Now the orga­ni­za­tions that are doing this most vig­or­ous­ly (And I would pick out obvi­ous­ly The Guardian, also The New York Times. Back in the UK the BBC have invest­ed a great deal of mon­ey in this.) are the ones who I hope will get to a point where we can actu­al­ly val­ue those trans­ac­tions prop­er­ly. Because unfor­tu­nate­ly what we don’t have at the moment is a cur­ren­cy that says this real­ly does ele­vate both our jour­nal­ism and offers a more truth­ful” and bet­ter qual­i­ty of infor­ma­tion to give to our readers.

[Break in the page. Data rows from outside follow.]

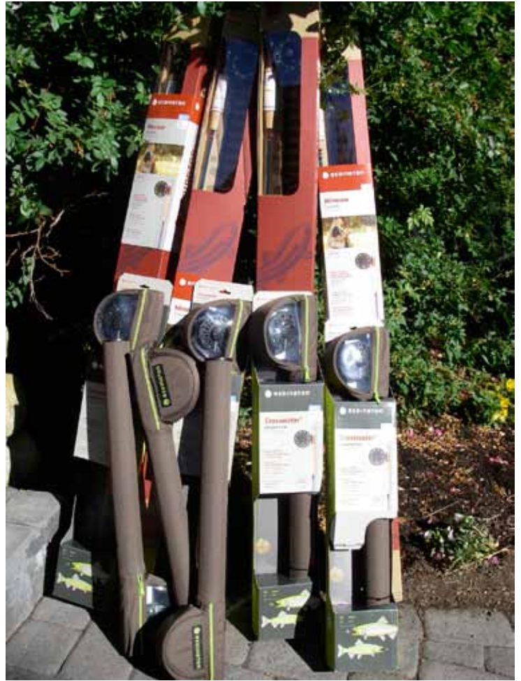
Thanks to Redington, COF was able to purchase 12 youth rods at a discount for the youth fly-fishing program.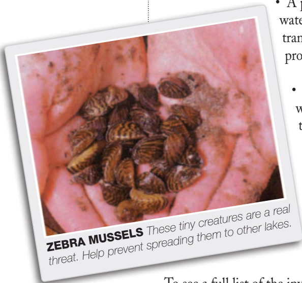
ZEBRA MUSSELS These tiny creatures are a real threat. Help prevent spreading them to other lakes.

http://www.dnr.state.mn.us/eco/invasives/laws.html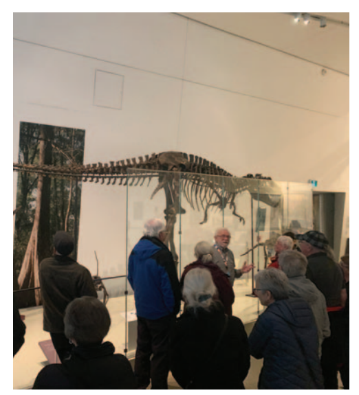
ROM Bus Trip: A group of seniors enjoys their first tour at the Royal Ontario Museum.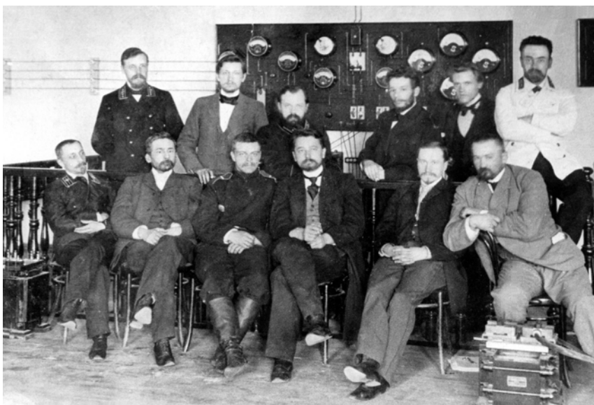
The first teaching staff, 1901.

The Dnipropetrovsk Mining Institute was an instrumental organizer of other institutions, such as: the Dnipropetrovsk State Medical Academy (1920), the State Metallurgical Technical University of Ukraine and the Ukrainian State University of Chemistry and Technology (1930), the Moscow Welding Institute (1925), the North Caucasian Mining and Metallurgical Institute (1931), the Scientific Research Tube Institute (1929), the Scientific Research Mining Institute (1925), the Institute of Physical Chemistry of the National Academy of Sciences of Ukraine (1927), the Institute of Mining Mechanics of the National Academy of Sciences of Ukraine (1945), the Scientific Research Institute of Coal (1928), the Institute of Rock Mechanics of the National Academy of Sciences of Ukraine (1967), and the Institute "Dniprodiproshakht" (1928).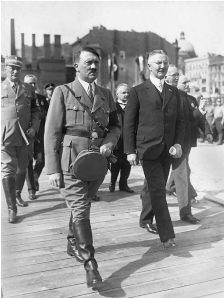
Hjalmar Schacht was installed, by the Bank of England, as currency commissioner in November 1923, at the height of the Weimar hyperinflation, for the purpose of imposing austerity upon the German people; this austerity helped create the conditions which made the rise of the Nazis possible. He is shown here later, with Hitler, when he held the post of Economics Minister.

how the money would be spent, but found himself reversing course almost immediately, under pressure from the British. Whereas Paulson had wanted to use the TARP to buy bad assets from the banks, the Brits had their own plan to have the government inject capital directly into the banks. To help force their program through, British Prime Minister Gordon Brown visited the White House and met with Paulson. At the same time, the Brits launched an attack on the U.S. stock market, driving down bank stocks in particular. The Bush Administration quickly capitulated. That tactic of driving down the U.S. stock market has been used repeatedly since, as a way for the empire to manipulate the United States.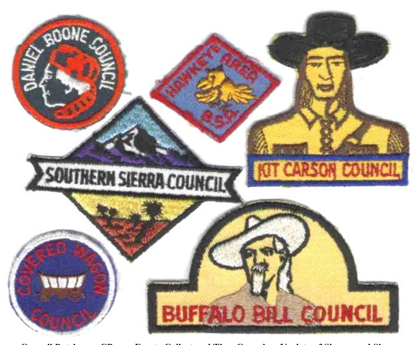
Council Patches or CPs are Fun to Collect and They Come in a Variety of Shapes and Sizes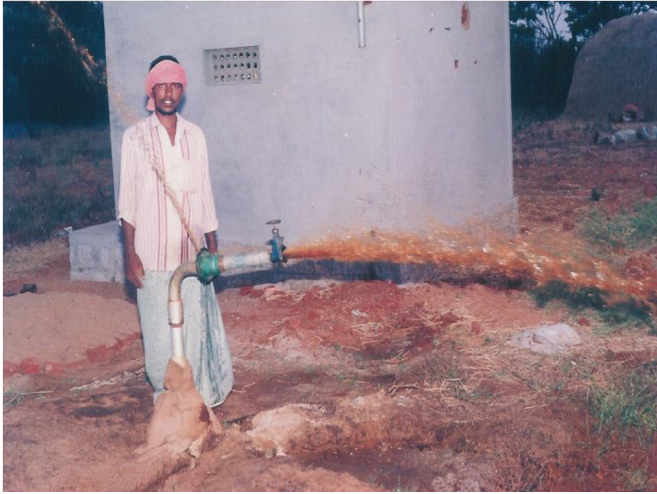
Fig 10: Distillery effluent polluted groundwater pumped out of the borewell in Nanjangud, Mysore district, 2002-3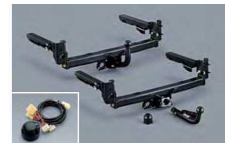
46 Trailer hitch (Fixed, Detachable) See application list (page 16) Maximum towing capacity 2,000 kg.

Image: vehicle is presented with Front grille, Front under spoiler, Carrier base and Transport box (Long)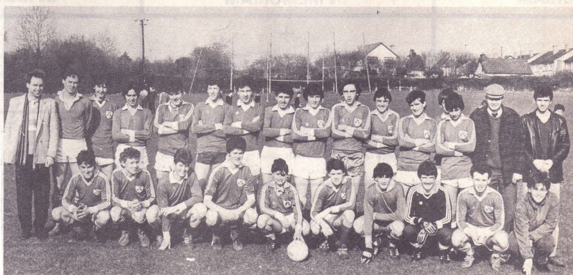
The St. Patrick's Minor Gaelic Football team who defeated Ballinacurra Gaels, 3-4 to 1-4, in the Kevin Hartigan Memorial Cup match.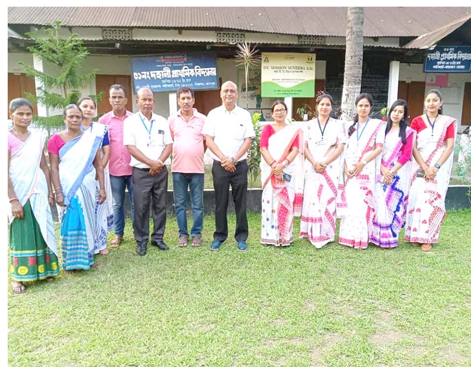
Gunotsav-2022 programme at 31 No Dahali L.P School on Thursday.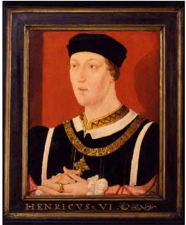
King Henry VI, artist unknown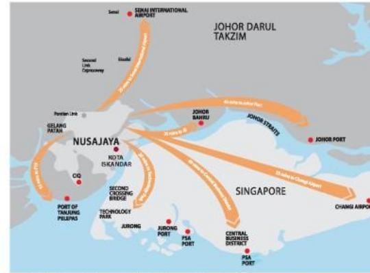
Sunway's landbank in Iskandar Malaysia is highly accessible via existing international gateways.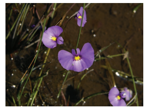
Figure 1: Utricularia petertaylorii , an annual bladderwort species from Western Australia that was named in honour of Peter Taylor. The plants on the left are growing together with U. multifida .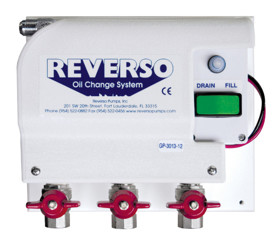
3 Valves Manifold System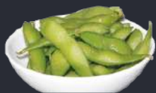
66. Edamame Beans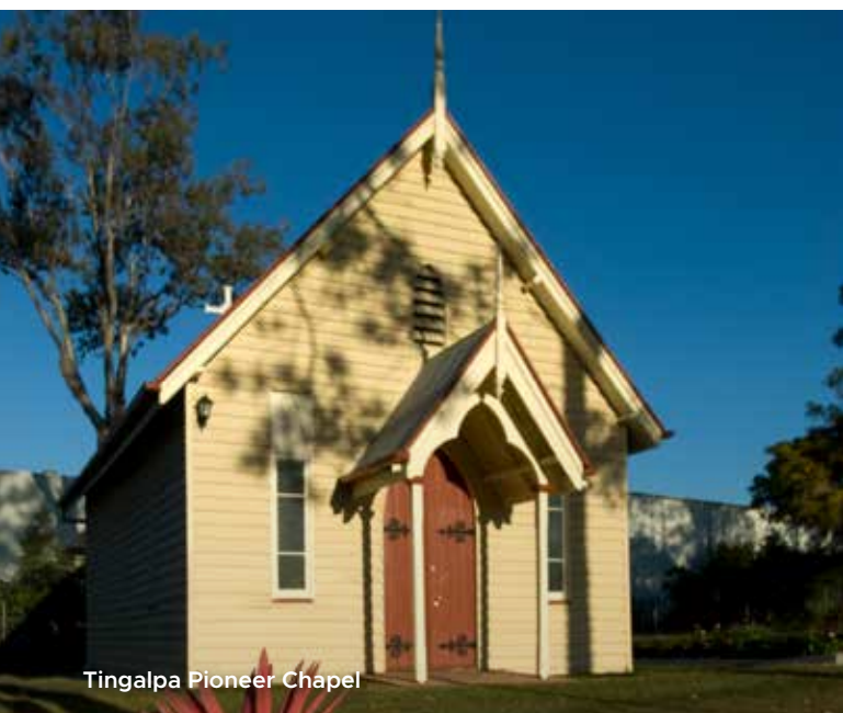
Tingalpa Pioneer Chapel

At the 30 June 2020 BLHN had 573 'Friends of BLHN' receiving regular e-Newsletters, an increase of 5.7% from last year. This e-Newsletter aims at informing members of the public about upcoming BLHN Member events and activities, including new exhibitions, seminars, talks, tours, performances as well as BLHN's own walking tours. The COVID-19 restrictions brought challenges to our regular format as member sites closed their doors and physical events were cancelled. We continued to supply updates to the public and channelled their interest in heritage towards virtual and online opportunities.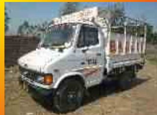
TATA 407 SFC CARGO TRUCK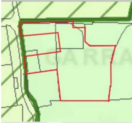
Draft Plan Zoning = Recreation & Amenity (site outlined in red).

So as I say, I come to this from the point of advo­ca­cy. I know that there are oth­ers who come from the point of view that actu­al­ly clos­ing down con­tent, with­draw­ing from the open Web, being more elit­ist about this pre­sen­ta­tion, being very cau­tious about the crowd, see that as an equal and valid way for­ward. But I want­ed to frame the prob­lem, real­ly, as the first per­son up (and I’m out of time now), because as I say, I think that this is some­thing where we’re beg­ging here for your coop­er­a­tion and under­stand­ing as jour­nal­ists. Because this is not a world that is very easy for us to nego­ti­ate. But now that we have ads about it, hope­ful­ly every­body else will take it up as well. Thanks very much, Susan.